# PC hangs when opening GPU-Z



## bjayetnap (Jan 29, 2013)

This rarely happens but i found it annoying and i want to fix it (hopefully). Awhile ago I'm playing Red Alert 3 for about 45 minutes - 1 hour then i closed it, and immediately opened GPU-Z to check the Video Card status, temp, usage, fan speed, etc. Then my computer hangs, mouse and keyboard is not functioning, the screen freezes and my only option is to hard reset.
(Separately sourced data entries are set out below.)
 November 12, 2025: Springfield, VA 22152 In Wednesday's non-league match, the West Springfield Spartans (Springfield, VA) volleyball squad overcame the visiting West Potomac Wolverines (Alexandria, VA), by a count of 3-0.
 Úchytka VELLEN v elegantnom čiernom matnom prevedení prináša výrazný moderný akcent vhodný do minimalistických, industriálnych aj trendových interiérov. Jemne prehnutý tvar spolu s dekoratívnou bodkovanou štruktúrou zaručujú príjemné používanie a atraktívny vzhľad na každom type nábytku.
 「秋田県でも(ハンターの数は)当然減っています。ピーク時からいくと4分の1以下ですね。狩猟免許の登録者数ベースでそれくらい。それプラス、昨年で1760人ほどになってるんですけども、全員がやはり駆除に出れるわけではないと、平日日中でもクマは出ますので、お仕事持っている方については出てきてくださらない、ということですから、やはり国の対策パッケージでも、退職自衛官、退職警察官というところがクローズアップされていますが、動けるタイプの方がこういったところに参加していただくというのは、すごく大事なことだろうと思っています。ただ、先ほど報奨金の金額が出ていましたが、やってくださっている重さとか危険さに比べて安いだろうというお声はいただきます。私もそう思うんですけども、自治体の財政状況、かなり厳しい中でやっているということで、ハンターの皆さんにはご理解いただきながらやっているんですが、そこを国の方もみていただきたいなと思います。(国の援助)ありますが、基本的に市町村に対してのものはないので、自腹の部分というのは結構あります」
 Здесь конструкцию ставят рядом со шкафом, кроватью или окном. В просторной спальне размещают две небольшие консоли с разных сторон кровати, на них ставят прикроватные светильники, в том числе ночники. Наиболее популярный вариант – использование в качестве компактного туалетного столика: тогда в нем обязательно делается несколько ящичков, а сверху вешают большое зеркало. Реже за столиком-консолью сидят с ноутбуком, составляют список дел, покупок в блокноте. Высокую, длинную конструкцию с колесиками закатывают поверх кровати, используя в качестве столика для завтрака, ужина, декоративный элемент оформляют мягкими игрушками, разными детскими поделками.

I experienced this 2 times already. 

do you know what cause this? and how do i fix this?

My Computer Spec's

0. OS: Windows 7 Ultimate 32bit
1. CPU - Intel G620
2. Motherboard: - Gigabyte H61M DS2 rev 2.1
3. RAM - 4GB
4. PowerColor HD 7750. ( updated driver )

GPU-Z Version: 0.6.7
Additional Info: When i restarted the computer and opened GPU-Z it gave me an error saying OpenCL is not detected or something, I re-Opened it and it went fined.

thanks.


----------



## AsRock (Jan 29, 2013)

Yeah does that to me some time too, how ever if i wait a while it carry's on like normal.  For the last few weeks it's not happened.

Just tried it just even the older version of it and it's not happening what changed i have no idea..
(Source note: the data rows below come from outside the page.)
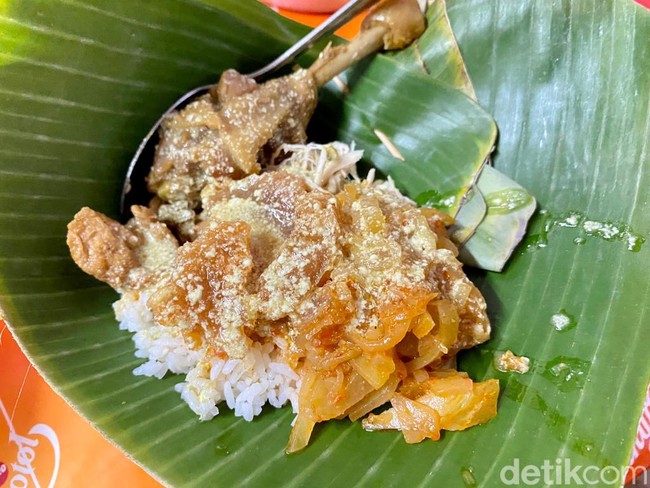 Pincuk daun pisang itu dialasi mangkuk yang cekungannya dalam sehingga memudahkan pembeli untuk menikmati. Terakhir, nasi ayam Semarang disiram kuah opor dan areh yang kental gurihnya nikmat!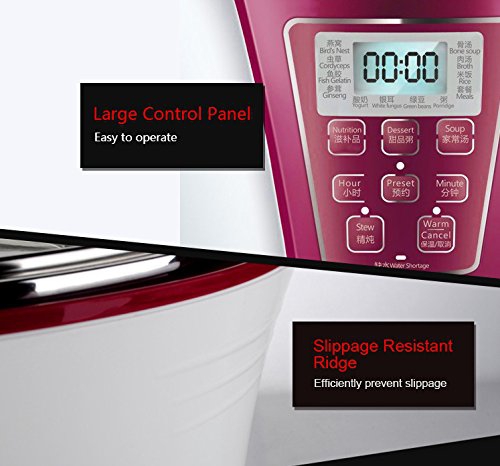 15 Built in Smart Programs: Bird's Nest / Cordyceps / Fish Gelatin / Ginseng / Bone Soup/ Broth / Rice / Meals / Yogurt / White Fungus / Green Beans / Porridge / Stew / Preset / WarmJug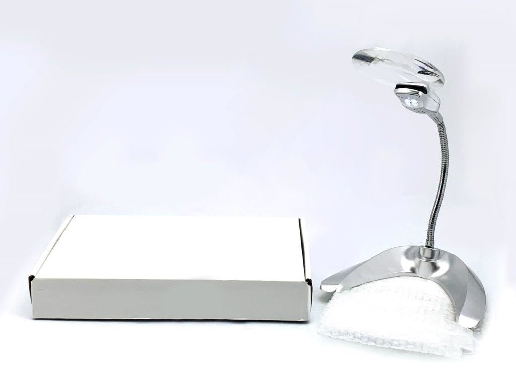 זכוכית מגדלת שולחנית עם הגדלה פי 3 / פי 4.5 +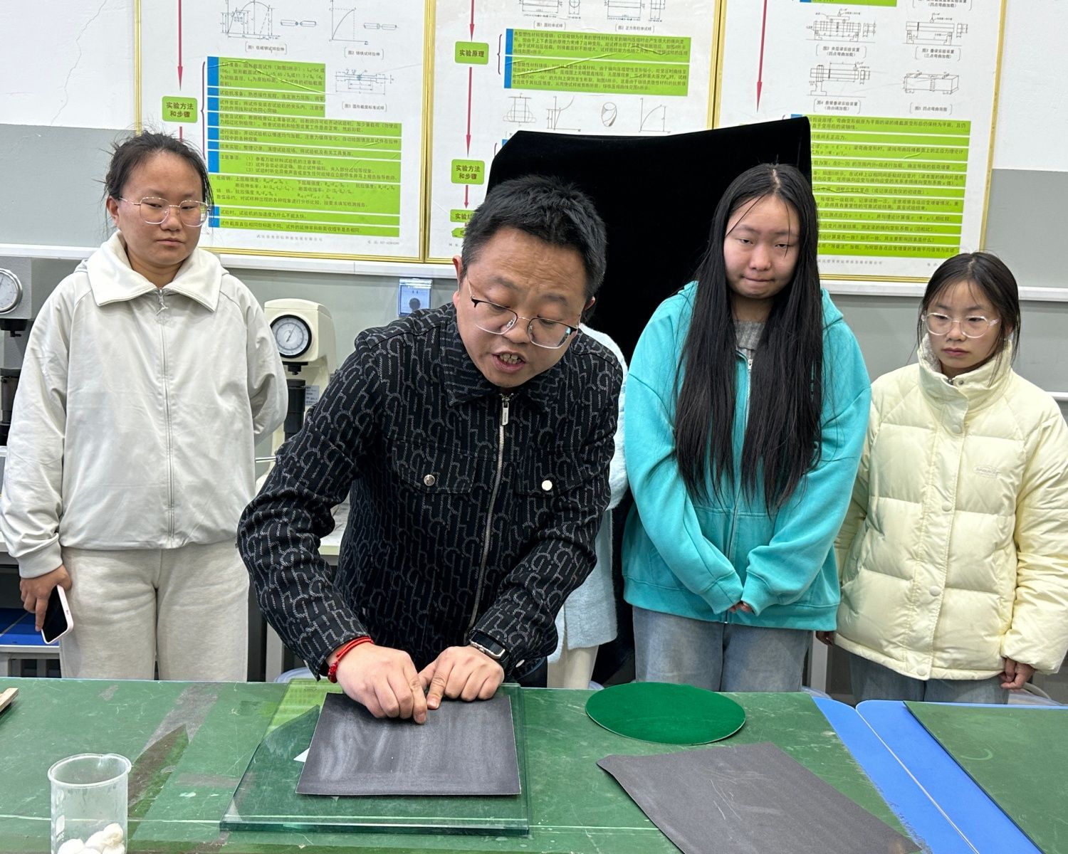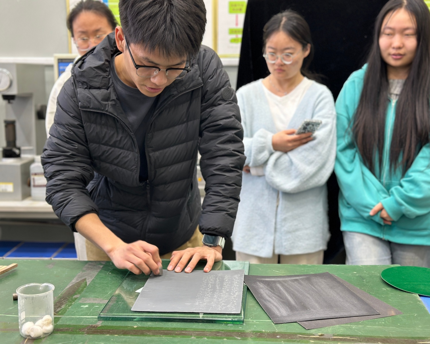 随后的实践教学环节,参训师生分组前往金相实验室开展首次实操训练。在薛卫刚、李海康等专业教师指导下,同学们认真进行样品制备、显微观察等操作,打磨样品、观察金相组织、交流制备技巧,全程尽显严谨的科学态度,现场学习氛围浓厚。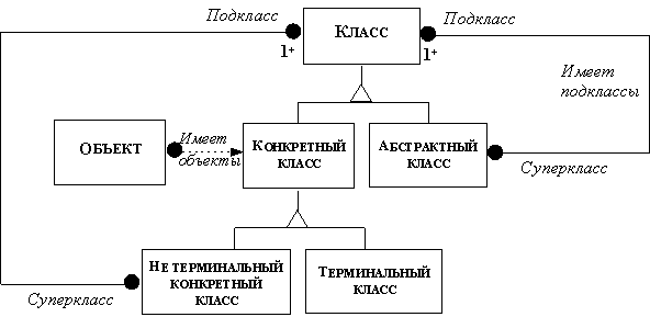 2.1.11. Связь объектов с базой данныхВ объектно-ориентированном проектировании мы имеем дело с множествами взаимосвязанных объектов. Каждый объект может рассматриваться как переменная или константа структурного типа (при таком рассмотрении методы, описываемые в объекте, трактуются как адреса функций, которые разрешено применять к этому объекту). Следовательно, множество объектов - это множество взаимосвязанных данных, т.е. нечто очень похожее на базу данных. Поэтому применение понятий баз данных часто оказывается полезным при объектно-ориентированном анализе и объектно-ориентированном проектировании прикладных программных систем. Рассмотрим на примерах некоторые особенности применения указанных понятий. Метаданные Метаданными называются данные, описывающие другие данные. Например, определение класса - это метаданные, так как класс описывает другие данные - объекты этого класса. Модели являются метаданными, так как они описывают моделируемые объекты. Еще одним примером метаданных является абстрактный класс (см. раздел 2.1.9). Определение абстрактного и конкретного классов может быть представлено с помощью объектной модели, изображенной на рисунке 2.25.

Any chance your blocking it from checking for updates ?.


----------



## W1zzard (Jan 29, 2013)

can you reproduce the system hang ? if yes then we could try a few builds to see what causes it.

any chance it happens after standby ?


----------



## AsRock (Jan 29, 2013)

I have tried to get it again but no luck and after standby it still don't do it for me at least.


----------



## dbass (Mar 25, 2013)

*I've the exact same problem*

Hi guys,

since several months I also have exact the same issue with GPU-Z. But for me this issue happens almost every time on starting up GPU-Z (after rebooting, after playing etc.). When I starting GPU-Z I see the loading screen and the computer freezes completly. So I have to reset. Sometimes it starts and work (very rarely), but I don't have any idea why. In the next moment, when I start it again, it'll freeze my system. I'll appreciate every hint because I like GPU-Z and want to keep using it. Google and looking for errors in windows don't help me so far...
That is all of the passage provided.